Lewis and his brother Jack play their songs, often playful and sing-songy, but just as likely to turn sharply into the darkness, but always with clarity. The performance doesn’t stop there, though, as Lewis is, again, a comic book artist. When asked what he would do if he could be doing anything right now, he said “drawing comic books,” and the dedication to the craft shows up in his performances, when he either projects them on screen behind him or turns the page of actual books like a kindergarten teacher. Perhaps this imagery is no mistake – Lewis once told me that he thought about going back to grad school, and he has a multipart song called “The History of Communism,” that is, well, a history of Communism. “The History of Punk On The Lower East Side” is similarly transparently titled. Like outsider artist Daniel Johnston, who he acknowledges as an influence musically, Lewis expertly blends the visual and the aural in his art projects.

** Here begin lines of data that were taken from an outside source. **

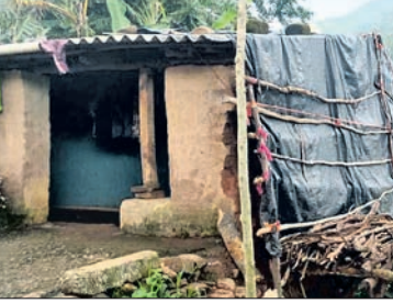
କାନିଆମାରିକ ଭାଙ୍ଗିଯାଇଥିବା ଘର।

କୋରାପୁଟ ଜିଲାରେ ବର୍ଷାରେ ସେମିଲିଗୁଡ଼ା କୁଳ ସାହାଯ୍ୟ ପଞ୍ଚାୟତର ସାହାଯ୍ୟ ଗ୍ରାମର ୩ ପରିବାର ବେଘର ହୋଇଛନ୍ତି।
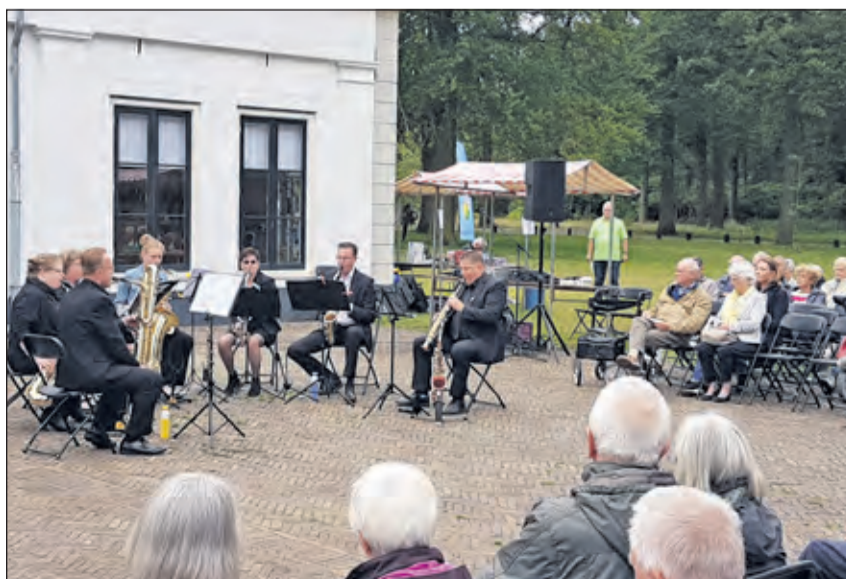
Prima weer tijdens dit zomerconcert. Op 8 september wordt de reeks afgesloten met een optreden van het Grootharmonieorkest van de Koninklijke Biltse Harmonie.

Donderdag Belangstellenden zijn welkom om op donderdagavonden tot en met 29 augustus te bridgen in het Dorpshuis van Hollandsche Rading. Aanmelding als bridgepaar bij voorkeur voor de betreffende donderdag om 17.00 uur via e-mail naar hc-hollandscherading@gmail.com of eventueel ter plaatse voor 19.15 uur. [HvdB]
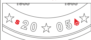
Оригинальный выпуск 2005 года на монетном дворе Финляндии

Знаки монетных дворов на памятных монетах Люксембурга достоинством 2 евро 2005 года
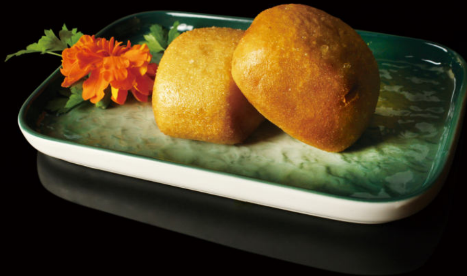
15. Panecillo japonés (2u) Steamed buns
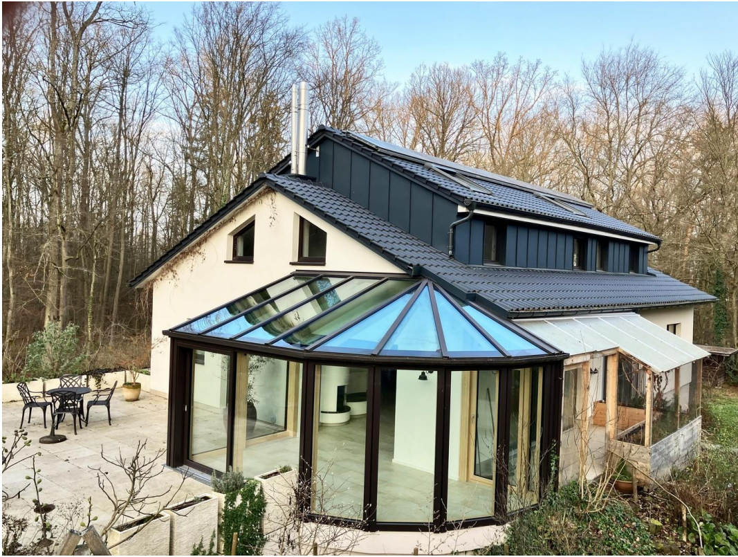
Ansicht von Süd
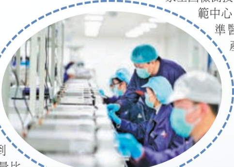
生物醫藥產業異軍突起

從「鋼筋鐵水」到「繁花似錦」，大渡口區從未放緩過發展的步伐，一直以產業發展為抓手，大力拓展新興產業，實施結構重構，培育出大數據智能化、大健康生物醫藥、環保產業、新材料產業和重慶小麵產業五大百億級產業集群，力爭讓曾經的老工業基地轉型成為近悅遠來的產業花園！
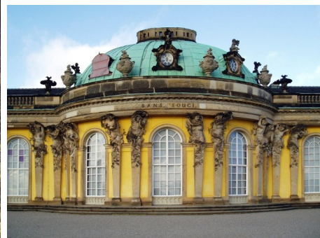
G. W. von Knobelsdorff: Palacio de Sanssouci, Potsdam, Alemaña (1745-1747)

If his work is a pastiche of forms, his internal formula is similarly diverse. “Yeah, I have songs that I realize afterwards ‘Hey, I probably got the idea for that melody from a Fall song, but the chord change was probably inspired by a Donovan song, and come to think of it, I was thinking about pigeons when I wrote that song because I had been reading an Anders Nillson comic book that morning’ he says. “It’s funny when I only can pick this apart months later.”
If that’s true, it’s because the songs are wonderfully complex and referential. A good example is the song “Williamsburg Will Oldham Horror,” excerpted in the epigraph, from Lewis’ new record “City & Eastern Songs.” Rambling and poetic, it’s unlike pretty much anything else out there right now, a practically beat-poetry narrative about seeing musician Will Oldham on the L train and contemplating what exactly it means to be an artist. My first thought when I heard it? This is amazing. The second thought I had was that it would never reach America. Luckily, I was wrong.
When I first heard this song, in fact, I wasn’t in America – I was in a friend’s cramped radio studio in England, and Jeffrey Lewis was playing a borrowed acoustic guitar about three feet from me, for an audience of six. It all seemed to be the result of some trance, as the words poured out like grains of sand from the hole in the bottom of a bag:
Where us noble starving artists are striving to feed our ego
Our mothers like our music and our friends come to our shows
And if our friends become successful, we’ll consider them our foes
Go home to our four roommates after paying big bucks for rock stars’ shows
What a nightmare! What a horror! I don’t want no part of this
Get me off this crazy ride, I’m gonna puke, I’m gonna piss!
I’d rather kill myself, I’d rather just relax or not exist
But you say you wanna do an e-mail interview?
Oh what the heck, I can’t resist!
So what’s the deal, Jeff? Just how much doubt is involved in being an artist?
“Probably as much doubt as I’d have about anything, really,” Lewis said. “Always full of anxiety and doubt and questioning. As any atheist existentialist teenager on acid will tell you, one has no Bible or rule book of how to operate other than one’s own internal compass, like with any compass one must constantly check and correct one’s route.”
Asked about the importance of music, he adds, “If everything was only functional it would be pretty boring. But art must be functional also – it has to blow minds and expand brains. In that sense it is important, but the subjectivity of it makes things confusing sometimes.”
True to his word, in style and substance.
Jeffrey Lewis will perform at Sangha on Thursday night. Sangha is located two blocks from the Takoma Park Metro stop, at 7014 Westmoreland Ave, N.W.